The Mountain, a film written by Fathy Ghanem, tells the story of building the village of New Gourna by architect Hassan Fathy. Filmed in the village of New Gourna itself in 1965, it is incredibly important from an architectural perspective, however, Hassan Fathy never mentioned the film in any of his writings or speeches. More information at www.hassanfathy.webs.com
Koudougou Central Market, Burkina Faso
The impact of Koudougou’s Central Market, designed by the Swiss Agency for Development and Cooperation (SDC) / Laurent Séchaud / Pierre Jequier for the Koudougou Municipality and completed in 2005, is twofold: at the urban scale, it reinforces and enhances the fabric of a mid-sized town, providing a monumental civic space for commercial and social exchange. On the level of construction, it introduces simple and easily assimilated improvements to a traditional material – stabilised earth – which allow it to achieve its full aesthetic and environmental potential. By using blocks of compressed earth, the market not only demonstrates the superior climactic performance of the local building material, but also shows how humble earth blocks can be used to create a sophisticated pattern language of vaults, domes and arches.

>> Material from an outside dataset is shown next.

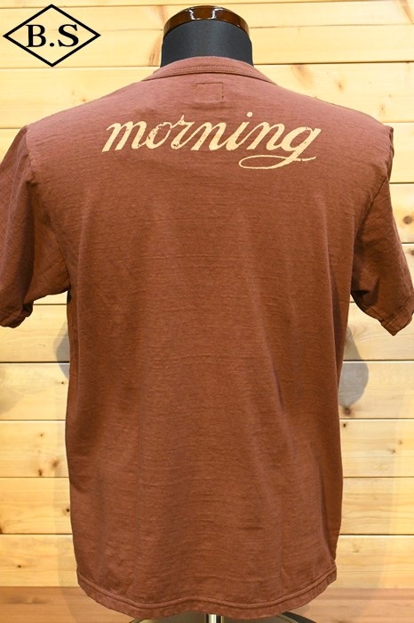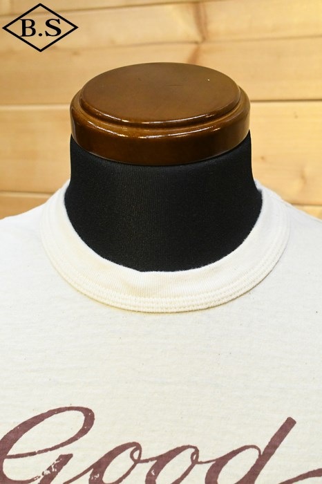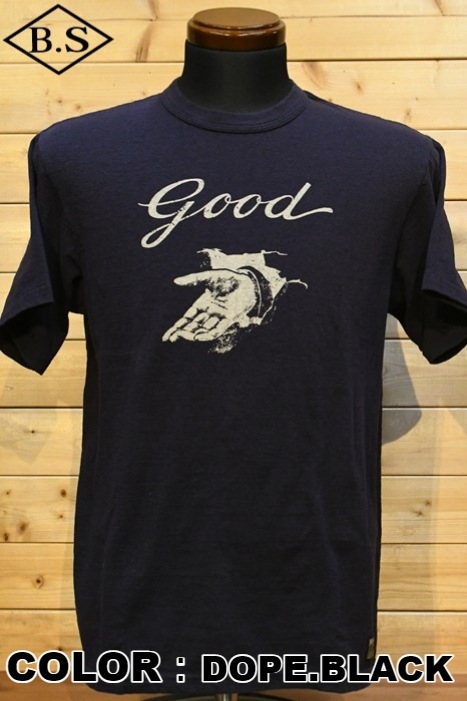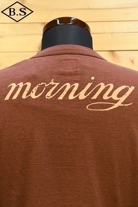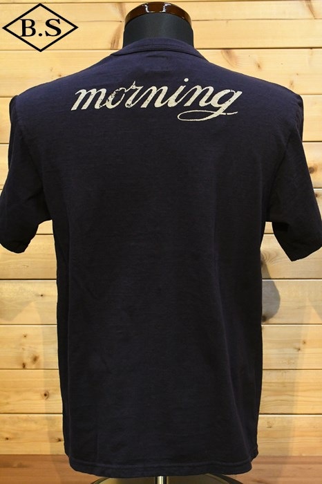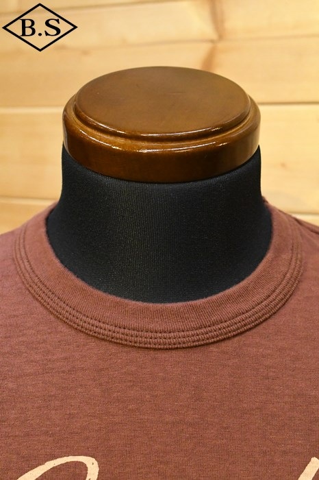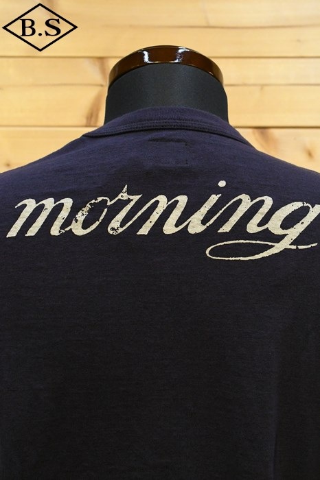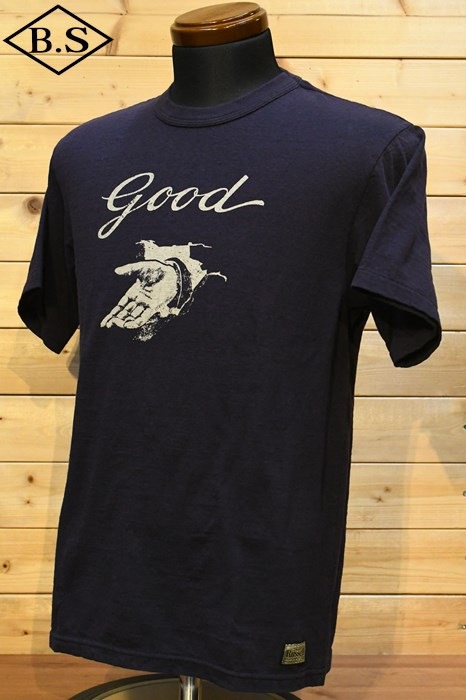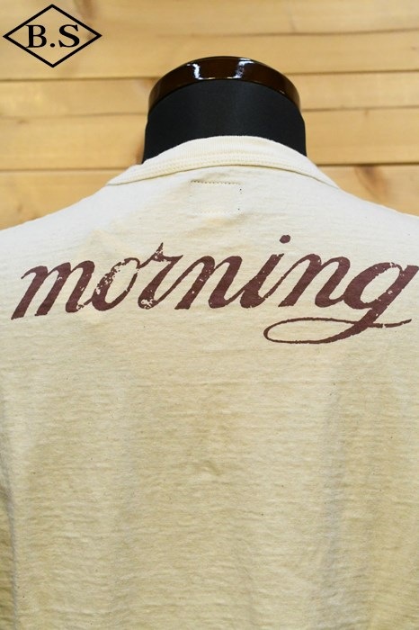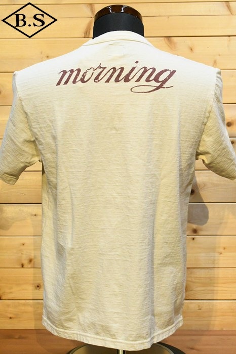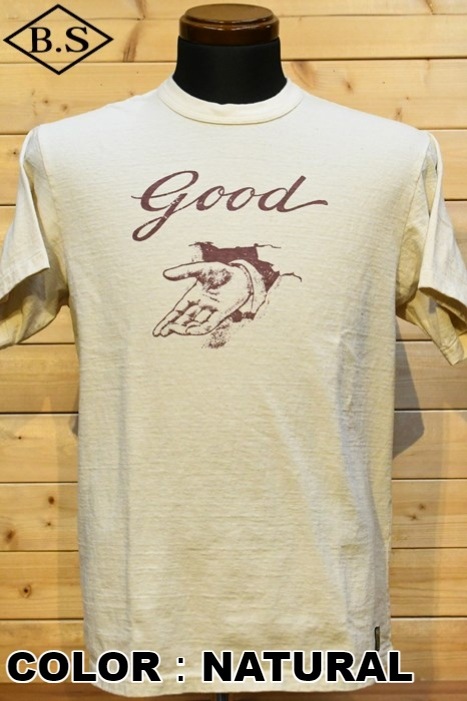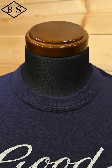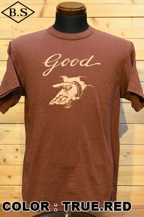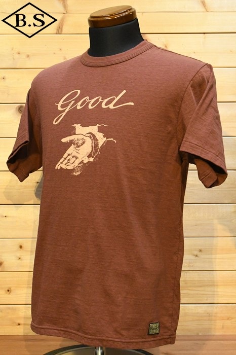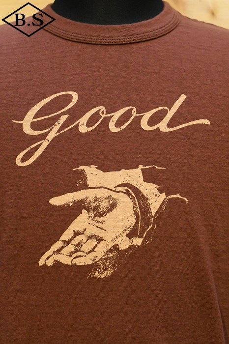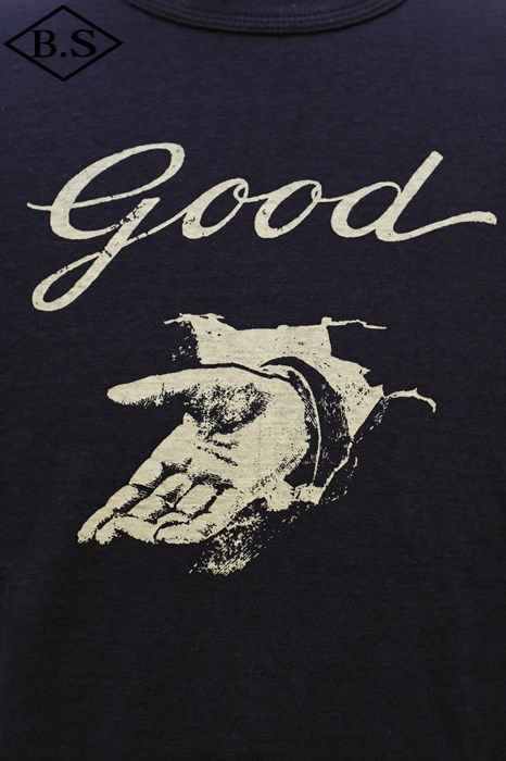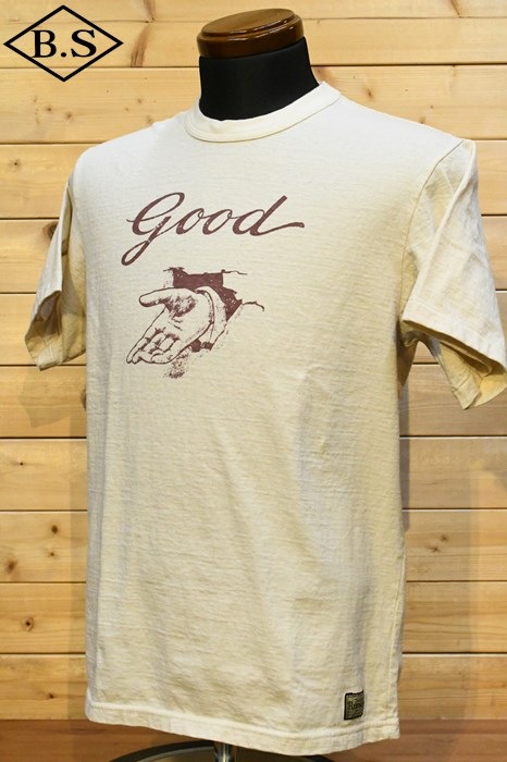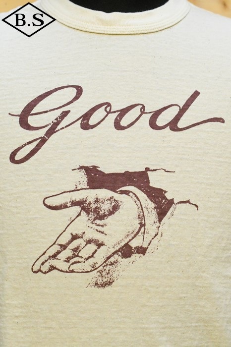 和歌山の旧式吊編機により、ゆっくり空気を含みながら編み上げたオリジナルの丸胴生地。凸凹のムラ糸表面をガスバーナーで焼き、毛羽を焼却したガス焼きスラブ糸から編み上げた天竺素材は、至高の着心地とサラリとした手触りそして横に走る凹凸感が雰囲気抜群のTシャツです。デザインは、狂騒の1920年代実在のハンドシェイク柄。

The market is the third of its type to be built under the direction of the Swiss Agency for Development and Cooperation (SDC) in cooperation with the Programme de Développement des Villes Moyennes of the Burkina Faso government, which aims to strengthen the country’s mid-sized towns through building commercial infrastructures. The market was the result of a truly participatory process that brought together and engaged the entire community in the site selection, design and construction of the market as well as its continuing use. A 1:1 prototype of a typical retail space was constructed which helped facilitate communication between the different collaborators, simultaneously allowing refinement of the design, development of innovative construction techniques and practical training of the local masons.
Chapel of Reconciliation
Built by architects Peter Sassenroth und Rudolf Reitermann in 1999, this small chapel made of rammed earth replaces the former Church of Reconciliation, a historicist church built in 1894 which happened to be situated on the death strip when the Berlin wall was erected in 1961. The old church stood there vacant and isolated, abused as a guarding tower for East German border patrol, until it was finally blown up by East Germany in 1987 – just two years before the wall eventually was torn down itself. the community of the former church decided it wanted to have its church back. The completed chapel is enveloped by a wall made of rammed earth, composed out of clay and smaller pieces of bricks of the exploded church. For more information visit the Chapel of Reconciliation home page.
Ait Benhaddou
The Moroccan city of Aït Benhaddou is one of the most well-known earthen city in the world, at it is a UNESCO World Heritage Site and because it is an extremely photogenic city, was the setting for numerous movies including Lawrence of Arabia (1962), The Last Temptation of Christ (1988) and Gladiator (2000) to name a few.